On March 27, 2025, 38-year-old Jonathan Monk was sentenced to death by Judge Jeffery B. Foster upon the jury's unanimous recommendation for capital punishment. Apart from the four death sentences, Monk also received 60 to 81 years in prison for attempted first degree murder, felony burning a public building, felony attempted escape, and felony riot. Monk was transferred into the Federal Bureau of Prisons system and was held at USP Lee briefly before joining Brady and Buckman at ADX Florence on December 23, 2025.

===Frazier===
On September 29, 2025, Seth Frazier, then 41 years old, pleaded guilty to four counts of first degree murder, one count of attempted first degree murder, six counts of assault with a deadly weapon with the intent to kill inflicting serious injury, and one count each of burning a public building, inciting riot, attempting escape and assault with a deadly weapon.

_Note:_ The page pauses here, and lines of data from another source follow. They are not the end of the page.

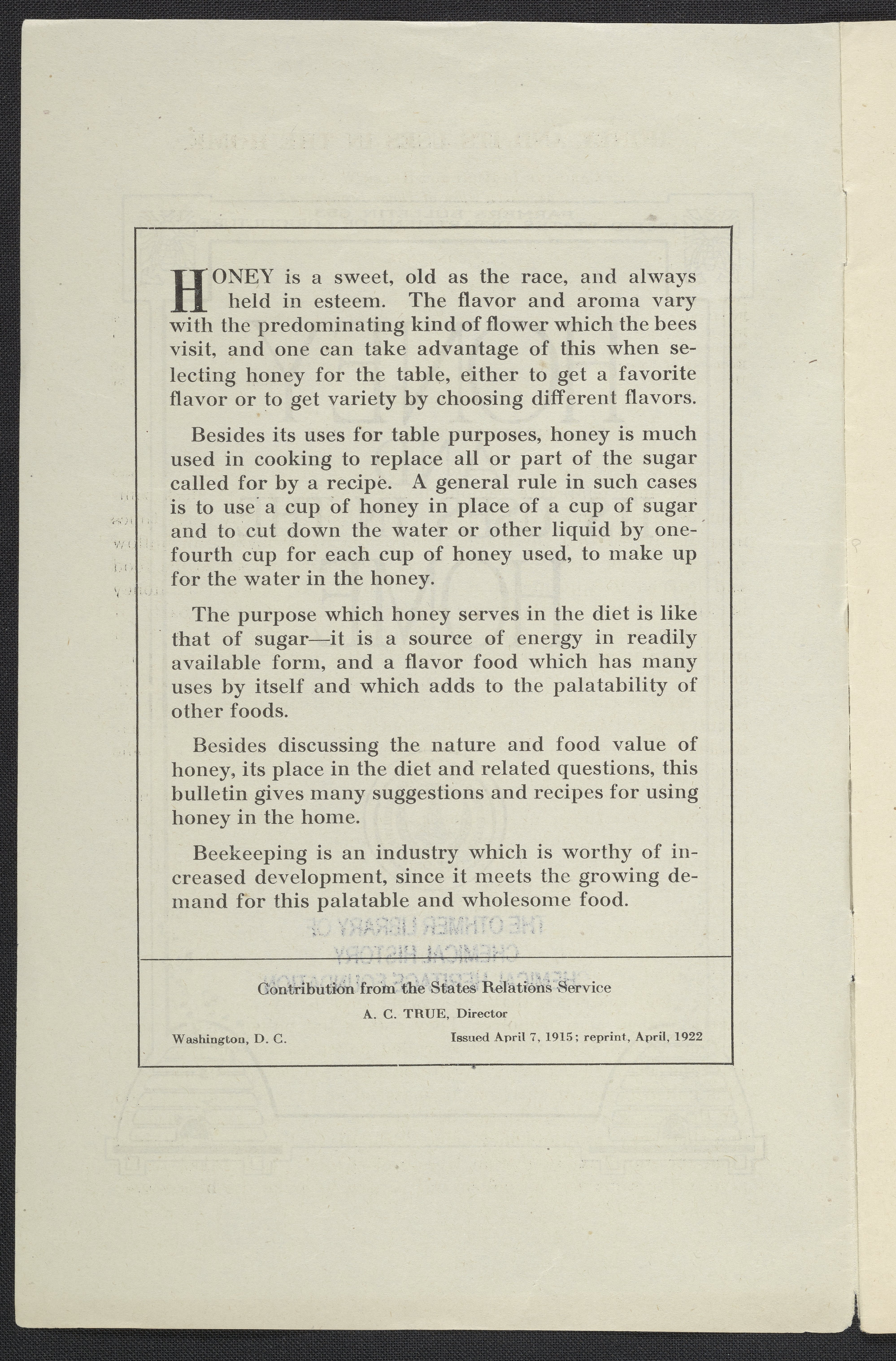 Hunt, Caroline Louisa, and Helen W Atwater. “Honey and Its Uses in the Home.” Washington (D.C.): United States. Department of Agriculture, 1915. https://digital.sciencehistory.org/works/xzefbz5.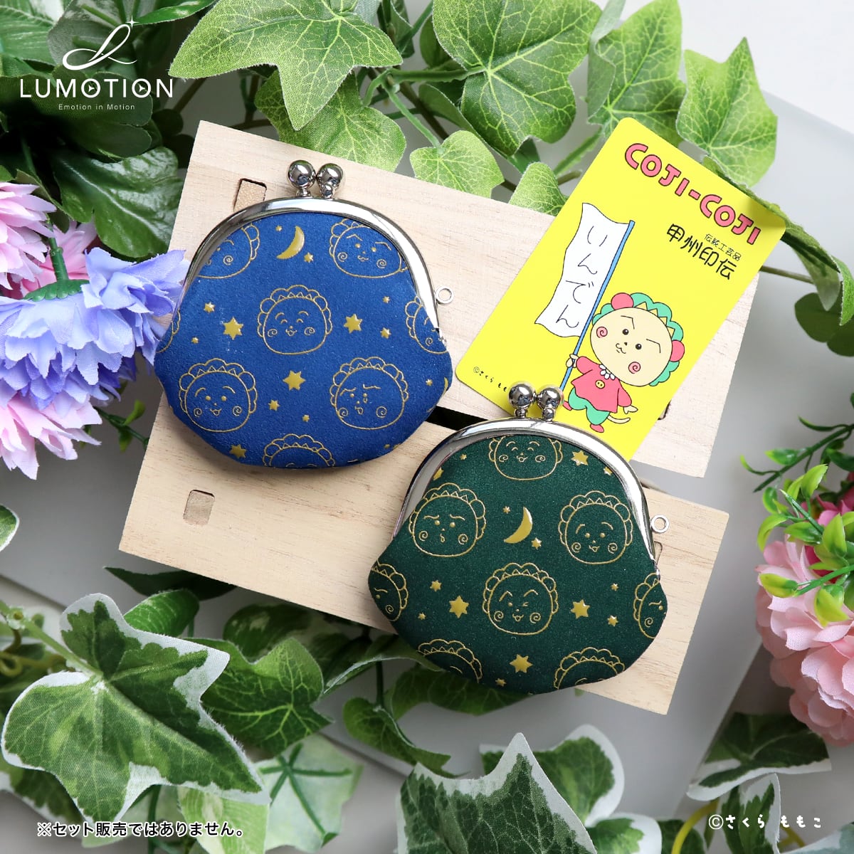 COJI-COJI × 甲州印伝 平がま口|印伝の山本製 鹿革 コジコジ オリジナル柄 黄色漆 濃藍 海松藍 ギャランティカード付 日本製
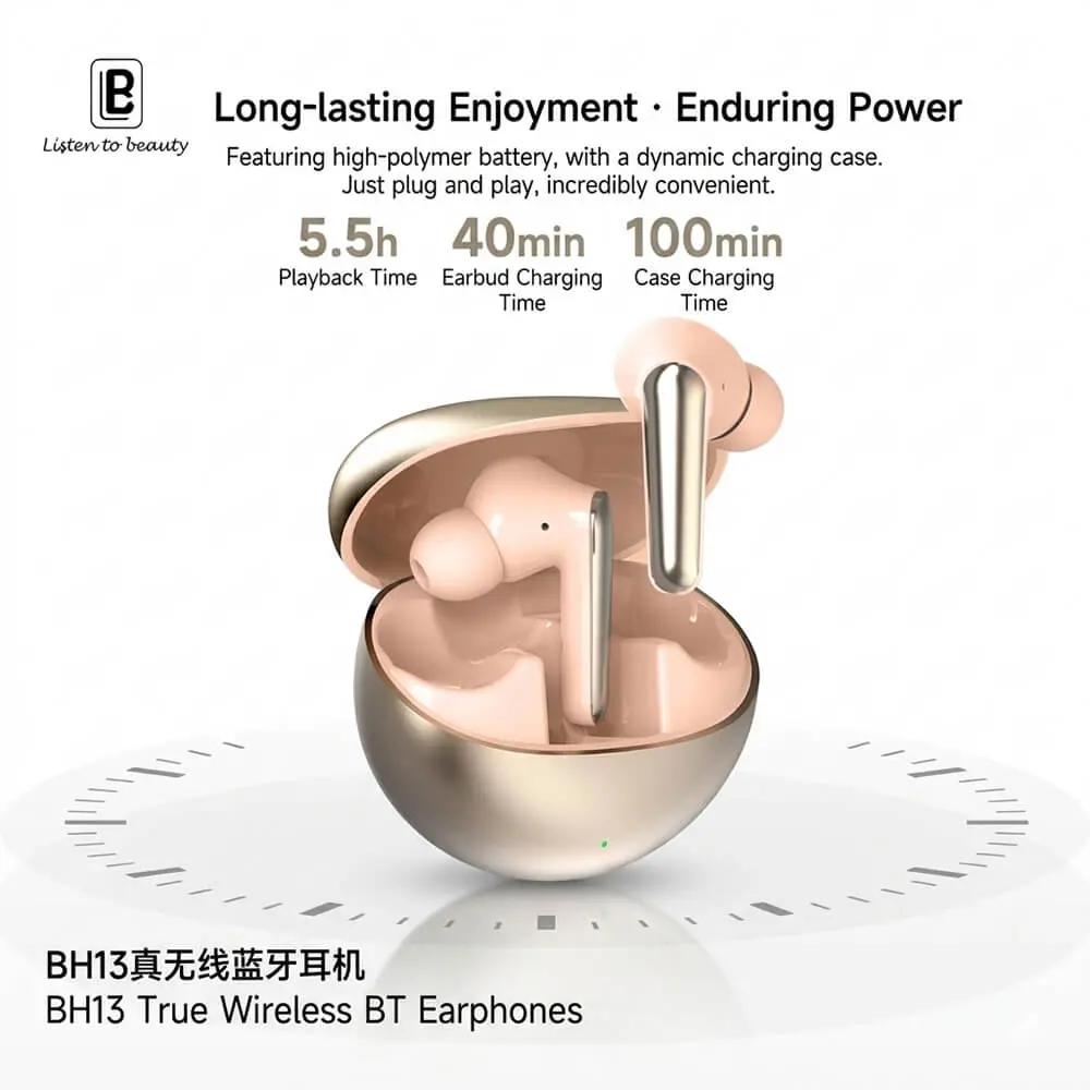Disponibles en Mercachip, los auriculares BAVIN BH13 son la combinación perfecta entre moda y rendimiento tecnológico. Su diseño ergonómico «in-ear» garantiza un ajuste seguro, mientras que su estuche de carga con acabado esférico y metálico no solo protege tus auriculares, sino que se convierte en un accesorio de lujo para tu día a día.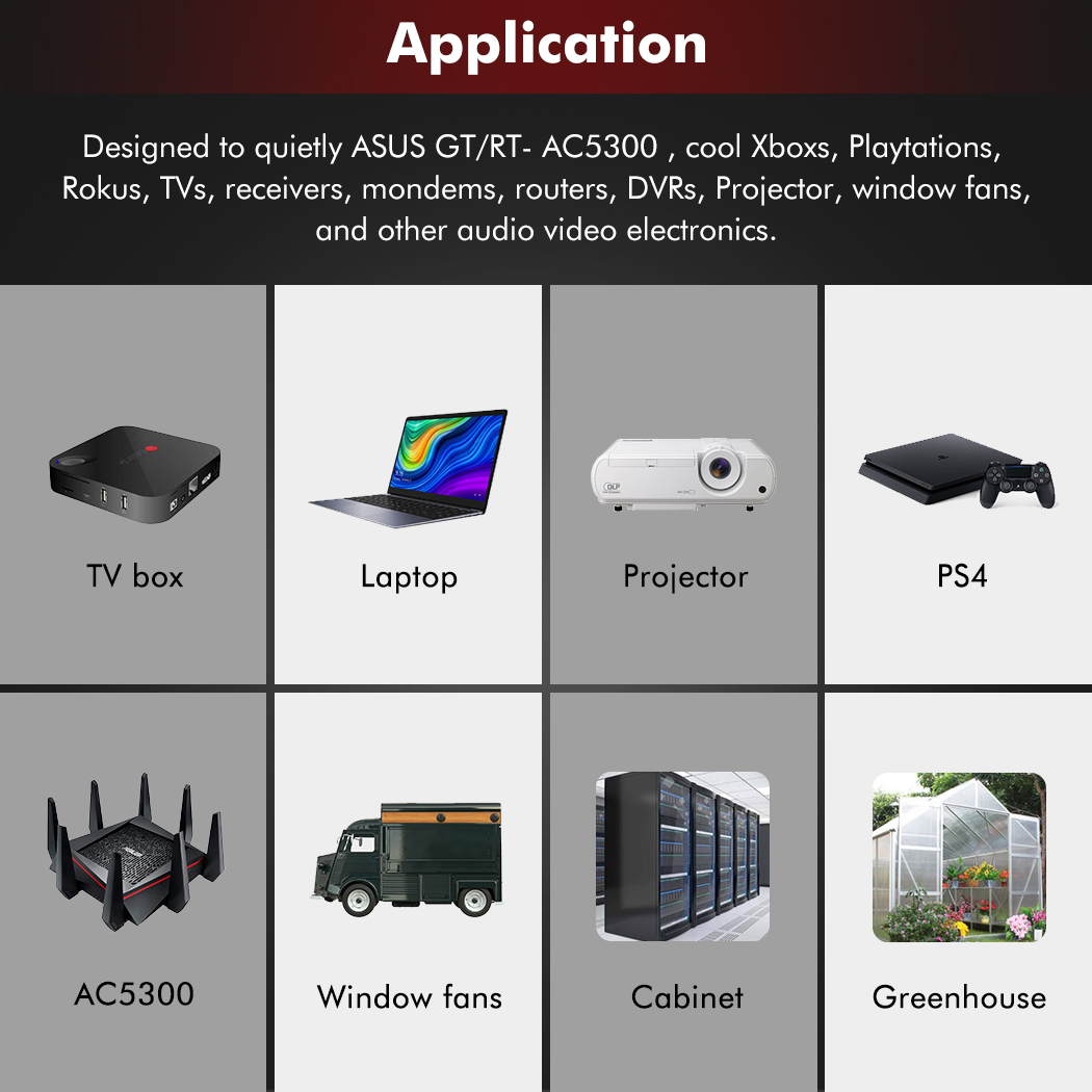 • Он подходит для рассеивания тепла в нижней части ТВ-бокса и системы рассеивания охлаждающего вентилятора сервера шкафа рабочей станции вашего оборудования и делает оборудование более эффективным.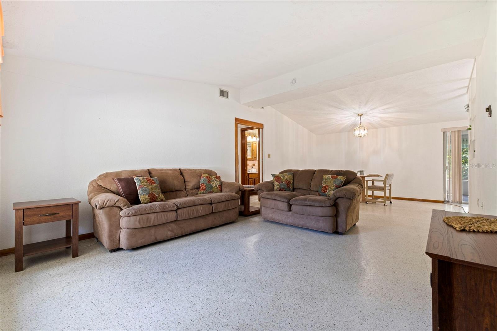 On the opposite side of the home, 3 carpeted Bedrooms are thoughtfully arranged, each with a generous closet for STORAGE + FLEXIBILITY. Throughout most of the home, ORIGINAL TERRAZZO floors are ready to be buffed back to life! An oversized enclosed Florida Room with walls of windows offering a valuable BONUS SPACE for hobbies, playroom, or home office.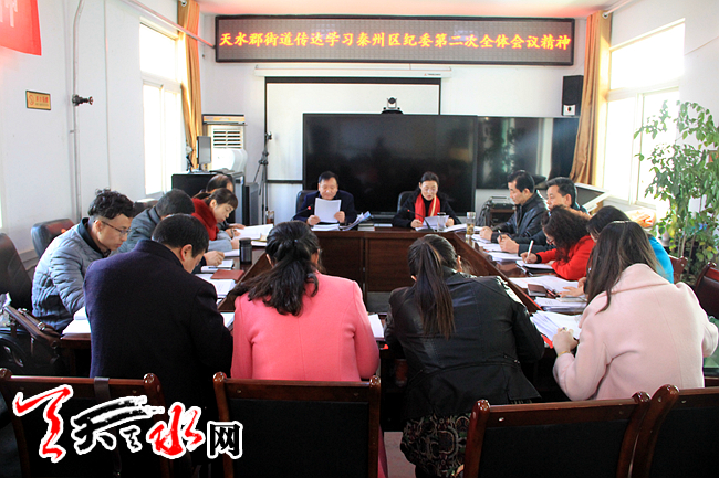 天天天水网讯(通讯员李月华)为认真传达学习区委相关会议精神,3月1日上午,天水郡街道召开专题会议,传达贯彻学习秦州区委八届二次会议暨全区经济会议、区纪委八届二次全体会议及区委政法工作会议精神,街道全体领导干部参加会议,会议由街道党工委书记成军主持。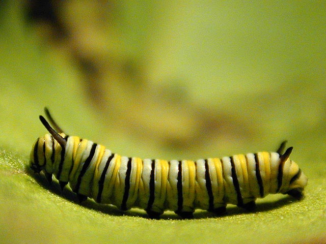 after the movie, elias gave dan and i a ride back to dan's place. i got my bag and helmet, then rode home, navigating amongst the throng of drunken bar patrons flooding the streets of allston after all the bars close their doors at 2am. when i got home, i checked up on the caterpillar, it was already larger than what i remembered this morning, busy eating the leaf, chomping instead of nibbling now, full-sized adult bites.

As a result of his plea of guilt, Frazier was spared the death sentence and instead sentenced to four consecutive life sentences without parole for all four murder charges, plus 93 to 116 years for all the lesser offences he admitted to. Similarly to his co-defendants, Frazier was transferred into the federal prison system and is currently at USP Terre Haute.

==Aftermath==
In the aftermath of the incident, security protocols at the facility were strengthened, including tighter restrictions on tool access. The North Carolina prison system also improved safety by equipping guards with body armor and providing supervisors with tasers. On October 12, 2022—the fifth anniversary of the failed escape—staff at Pasquotank held a moment of silence and released balloons in remembrance.